Più cinesi dei cinesi
La notizia del gruppo svedese di arredamento Ikea che ha spostato in Italia, in particolare in Piemonte, alcune produzioni industriali precedentemente allocate in Asia è in realtà una notizia sull’opportunità d’investimento delle grandi multinazionali. Ikea non ha mai avuto un ottimo rapporto con Roma. Lo stesso Lars Petersson, amministratore delegato del gruppo in Italia, ha detto: “L’incertezza dei tempi della burocrazia e della politica rendono il mercato italiano meno appetibile”.
La notizia del gruppo svedese di arredamento Ikea che ha spostato in Italia, in particolare in Piemonte, alcune produzioni industriali precedentemente allocate in Asia è in realtà una notizia sull’opportunità d’investimento delle grandi multinazionali. Ikea non ha mai avuto un ottimo rapporto con Roma. Lo stesso Lars Petersson, amministratore delegato del gruppo in Italia, commentando il trasferimento della fabbricazione di cassettiere, rubinetterie e giocattoli dall’Asia al Piemonte, ha detto di averlo fatto “perché abbiamo un’ottima esperienza con i fornitori e la loro qualità. Hanno dimostrato di essere molto flessibili sui cambiamenti dei prodotti”, ma “l’incertezza dei tempi della burocrazia e della politica rendono il mercato italiano meno appetibile”. Petersson si riferisce principalmente al caso del negozio Ikea di Pisa, sul cui iter di apertura si espresse a gennaio anche il presidente della Commissione europea, José Barroso: “Il gruppo svedese è stato costretto ad attendere sei anni per avere il permesso per aprire un nuovo punto vendita, quando in Cina servono solo otto mesi. Alla fine Ikea ha perso la pazienza e si è trasferita in un’altra città della regione”.

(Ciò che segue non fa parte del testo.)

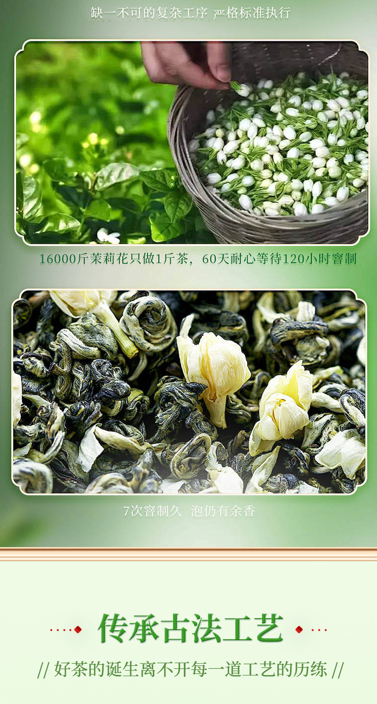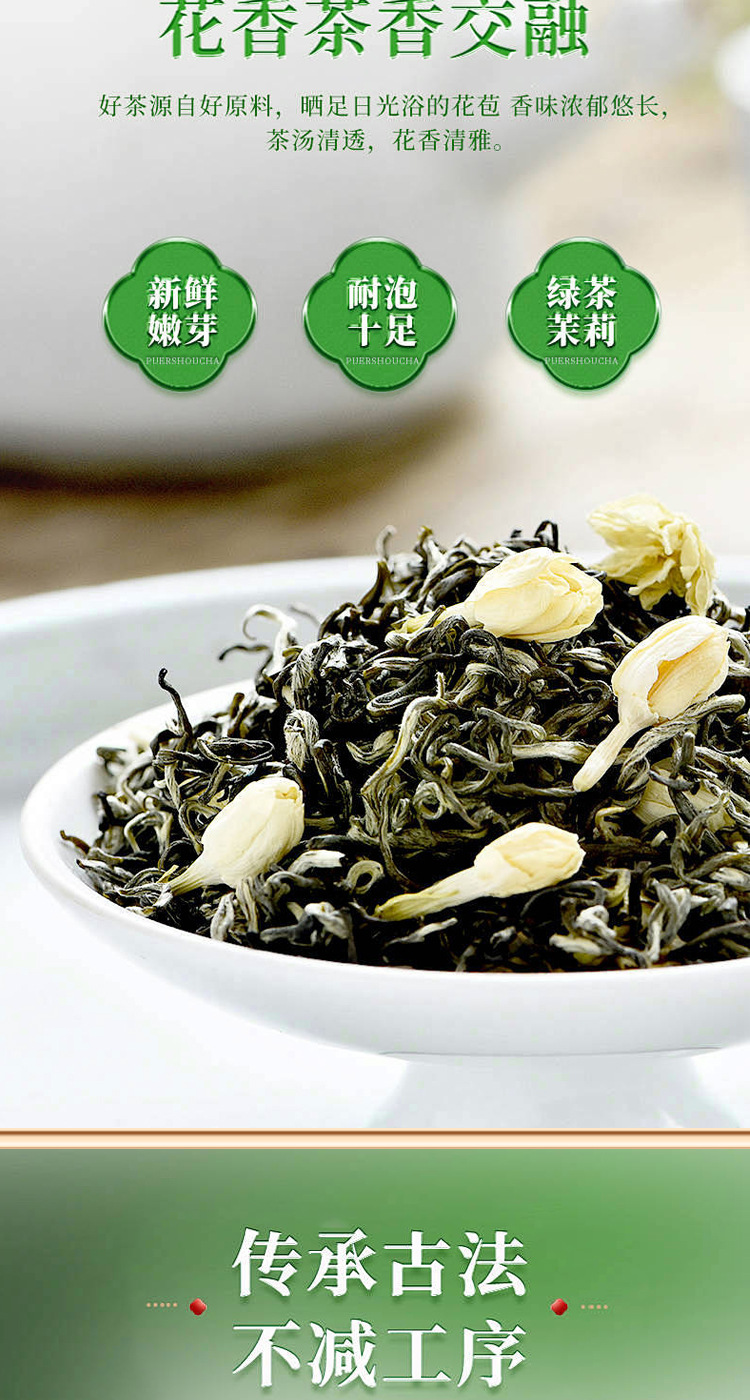 Authentic Jasmine Green Tea Handpicked Fragrant Loose Leaf Tea in Jar
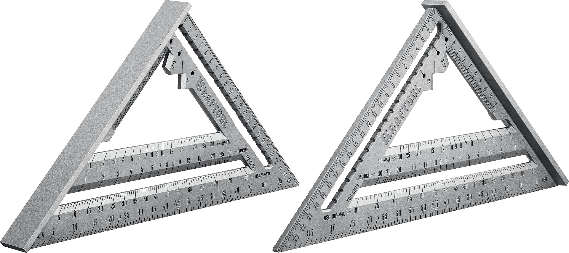 Высокоточный кровельный угольник - инструмент для разметочных работ и контроля перпендикулярности кровельных конструкций. Применяется в качестве торцовочного угольника, транспортира, рейсмуса и направляющей для пилы.
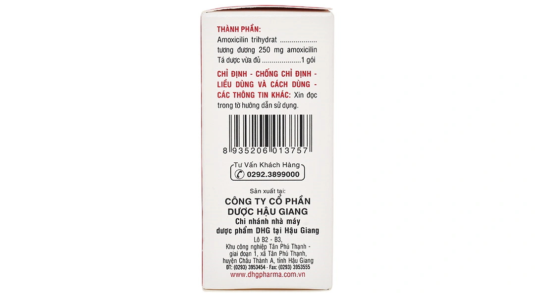- Nhà sản xuất: Công ty Cổ phần Dược Hậu Giang (DHG Pharma), Việt Nam
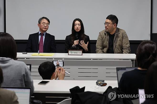 (서울=연합뉴스) 임화영 기자 = 기독교복음선교회(통칭 JMS) 총재 정명석의 여신도 성폭행 피해자인 메이플 씨가 9일 오후 서울 서초구 한국콘퍼런스센터에서 열린 정명석에 대한 대법원 17년형 선고 관련 기자간담회에서 소회를 밝히고 있다.
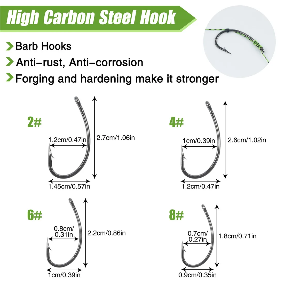 - Hook Size: 2#, 4#, 6#, 8#
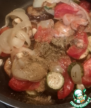 Тоже самое проделать с оставшимися цуккини, помидорами и луком. Овощи должны обгореть и выделить сок. Ведь древняя история этого блюда заключается в том, что пастухи готовили овощи на открытом огне до частичного обгорания.
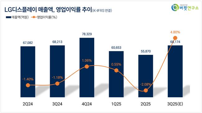 김소원 키움증권 애널리스트는 “3분기 연결 매출액은 6조7890억원, 영업이익은 4855억원으로 당사 추정치와 시장 기대치를 크게 웃돌 것”이라며 “POLED는 아이폰17 시리즈 내 점유율 확대와 신형 워치 경쟁사 철수 효과로 역대 최대 수익성이 기대되고, WOLED 역시 TV와 게이밍 모니터 수요 강세와 광저우 라인 감가상각 종료 효과로 안정적 흑자를 이어갈 전망”이라고 분석했다.
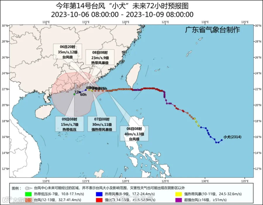 5日夜间-6日,台湾海峡、巴士海峡、南海东北部海面平均风10~12级、阵风13级,粤东海面风力逐渐加大到8~10级,其中台风中心经过的附近海域旋转风12~14级;7-8日,粤东、珠江口外海面、南海北部海面东北风8~9级,其中台风中心经过的附近海域旋转风9~11级,粤西海面东北风6~7级。
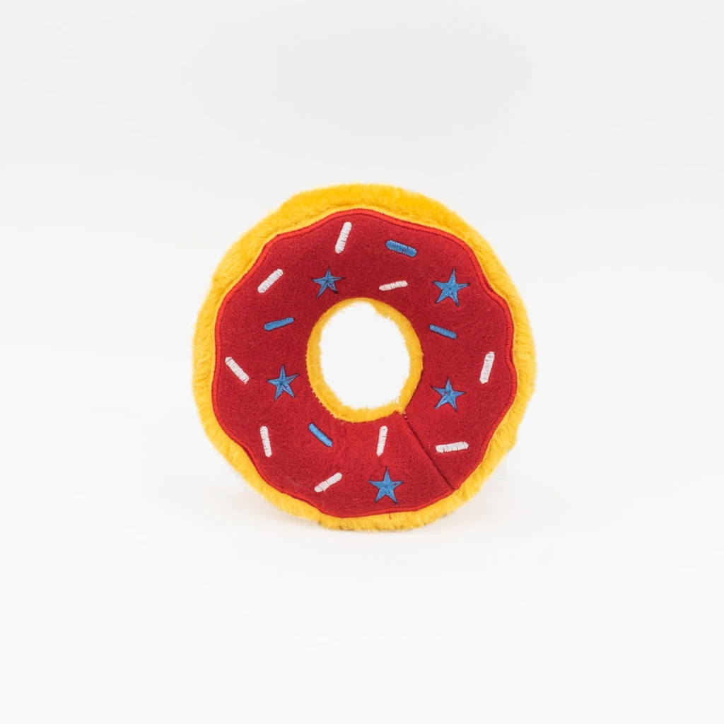 Perfect for celebrating Independence Day, the all-new Americana Donutz dog toy features colorful embroidered “sprinkles” and toppings that make them look like real delicious donuts!
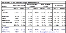 En Europe, plusieurs des grandes catégories de produits ont bien progressé en février malgré un déclin global de 1,9 % à 2,71 milliards de dollars par rapport à janvier. La baisse, calculée en euros, n’est que de 1 %.
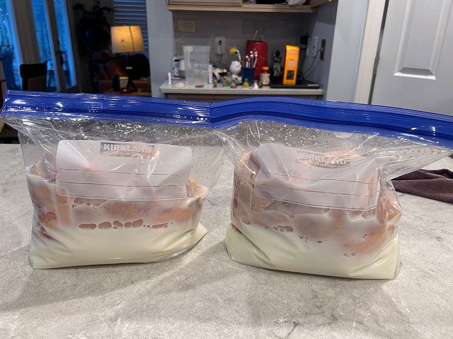 Then, add the raw bird to the bag with the salted buttermilk. Give things a good shake. Then, store it in the fridge and let time do its thing: ideally, you are letting it sit in the brine for at least 24 hours.
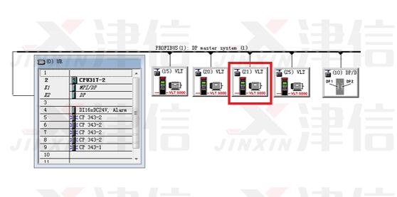 為使改造系統(tǒng)完美,在第一種方案試機成功以后,我們又為客戶設(shè)計了第二套改造方案,將從機變頻器也加入到DP總線上,
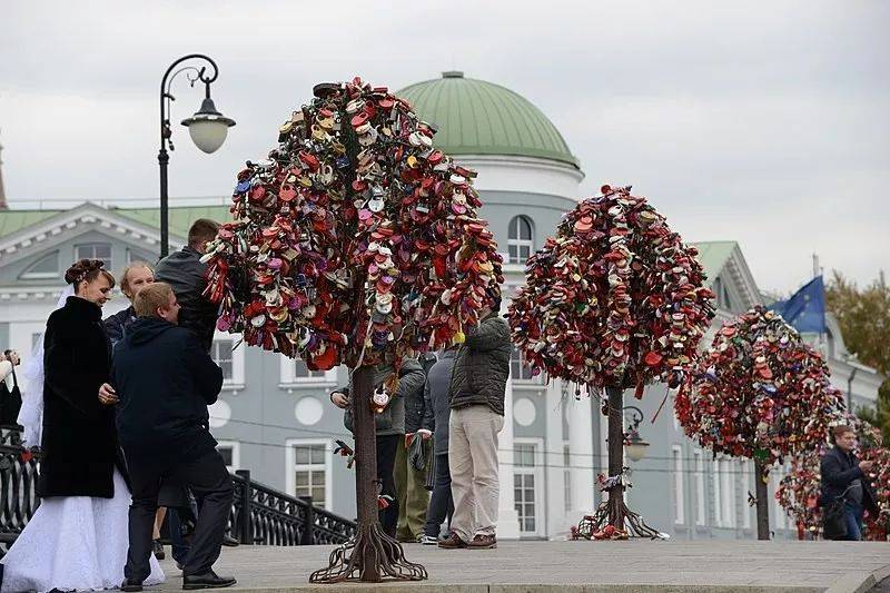 △俄罗斯卢日科夫大桥上,有几棵“铁树”专门供游人挂锁/whatdewhat
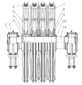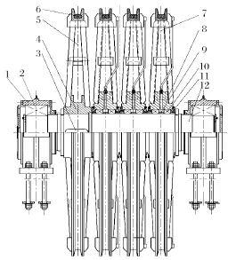 目前在用的多繩摩擦式提升機天輪裝置結構有兩種,普通天輪裝置和新型天輪裝置。
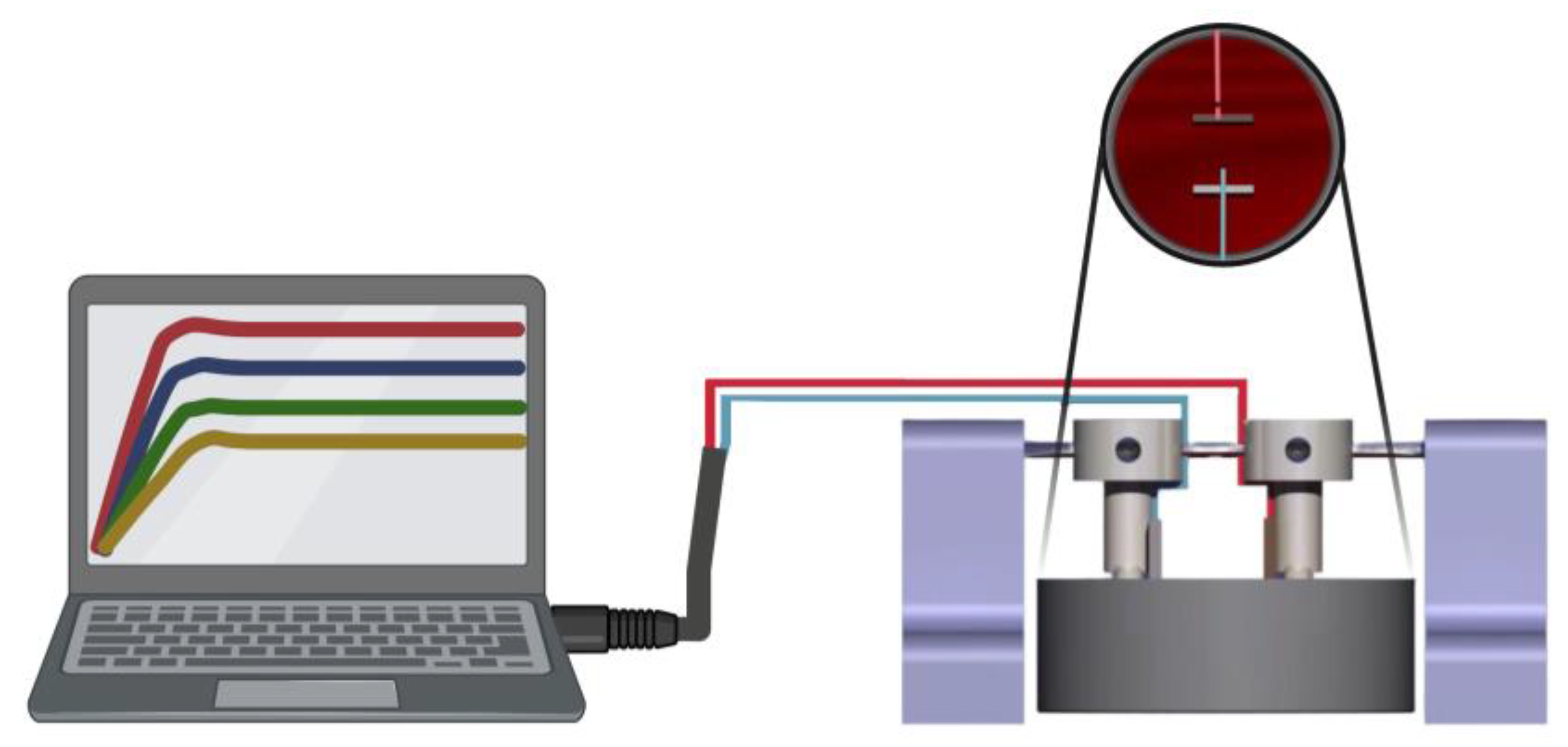Figure 2, during galvanostatic charge-injection experiments, the fixture securely holds the plated electrodes in a fixed geometry. It maintains a well-defined electrode spacing while electrically mimicking the charge-transfer conditions within the sealed sensor cavity. The structure minimizes ambient-light interference and controls the optical path for image acquisition by providing a stable, enclosed, and reproducible measurement environment.
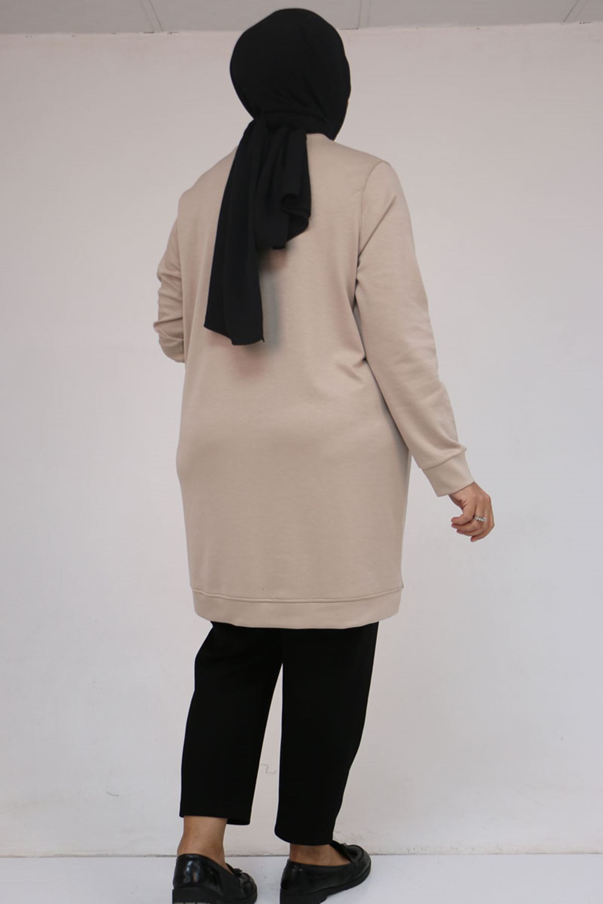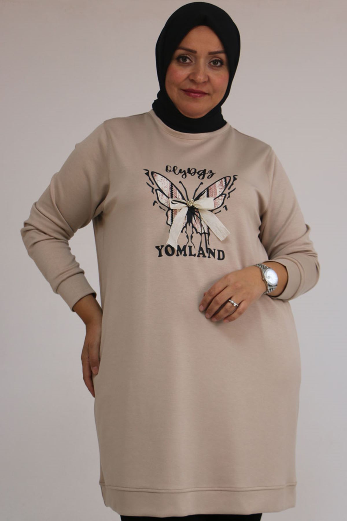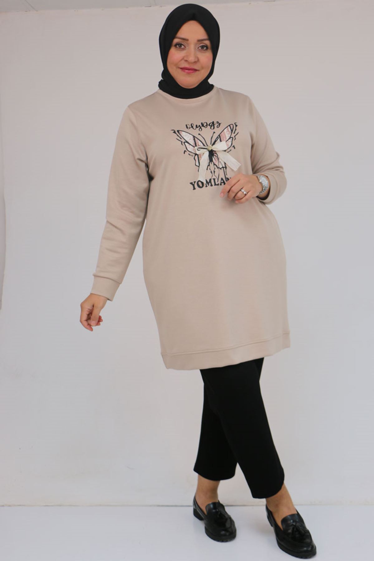 58145 Büyük Beden Kelebek Baskılı Modal Tunik - Vizon

L’Italia sarà pure un mercato poco appetibile dal punto di vista burocratico, ma mentre il costo del lavoro in Cina cresce (“L’era del lavoro low cost cinese è finita”, scriveva la Reuters in un’analisi all’inizio di aprile), il cordone antidollaro di Pechino e Tokyo si rafforza, il caos sulle valute s’avanza in America latina, per l’azienda svedese ci sono poche altre scelte a disposizione. “Per spiegare la decisione di Ikea possiamo ipotizzare due risposte, una finanziaria e una industriale”, dice al Foglio Federico Magno, amministratore delegato di Porsche Consulting. Mentre la risposta finanziaria verrà tra un anno almeno, con i numeri in grado di quantificare lo spostamento di produzione, sul piano industriale Magno dà una risposta che ha a che fare con gli anni Ottanta, quando gli italiani erano conosciuti come i cinesi d’Europa.
“Fino a vent’anni fa, ogni volta che l’Italia entrava in recessione si avviava una svalutazione competitiva della lira e automaticamente i beni divenivano più competitivi per i mercati più ricchi”, dice l’amministratore delegato di Porsche Consulting, “ma oggi che la svalutazione della lira non è più possibile, l’euro inchioda l’Italia a una politica virtuosa. Inoltre quello che noi scambiamo per flessibilità gli acquirenti esterni lo chiamano ‘casinismo’”. In pratica, spiega Magno, le aziende italiane adeguate ai tempi sono quelle che “adottano modelli competitivi che non si basano sul prezzo ma sul livello di qualità, di servizio, e di costo complessivo”. Il modello tedesco applicato al rubinetto: se è italiano costa di più produrlo ma la qualità del prodotto finito, alle multinazionali come Ikea, conviene sul lungo termine.
Un problema che non è estraneo al Brasile, per esempio. Paulo Skaf, il presidente della Fiesp, la potente Confindustria di San Paolo, durante una manifestazione per chiedere al governo di tutelare l’industria brasiliana ha detto: “Oggi è più conveniente produrre in Italia, negli Stati Uniti, in Paraguay o in Argentina che in Brasile. Il caos dei cambi di valuta non ha fatto altro che aggravare lo scenario e rubarci il margine di competitività che avevamo”.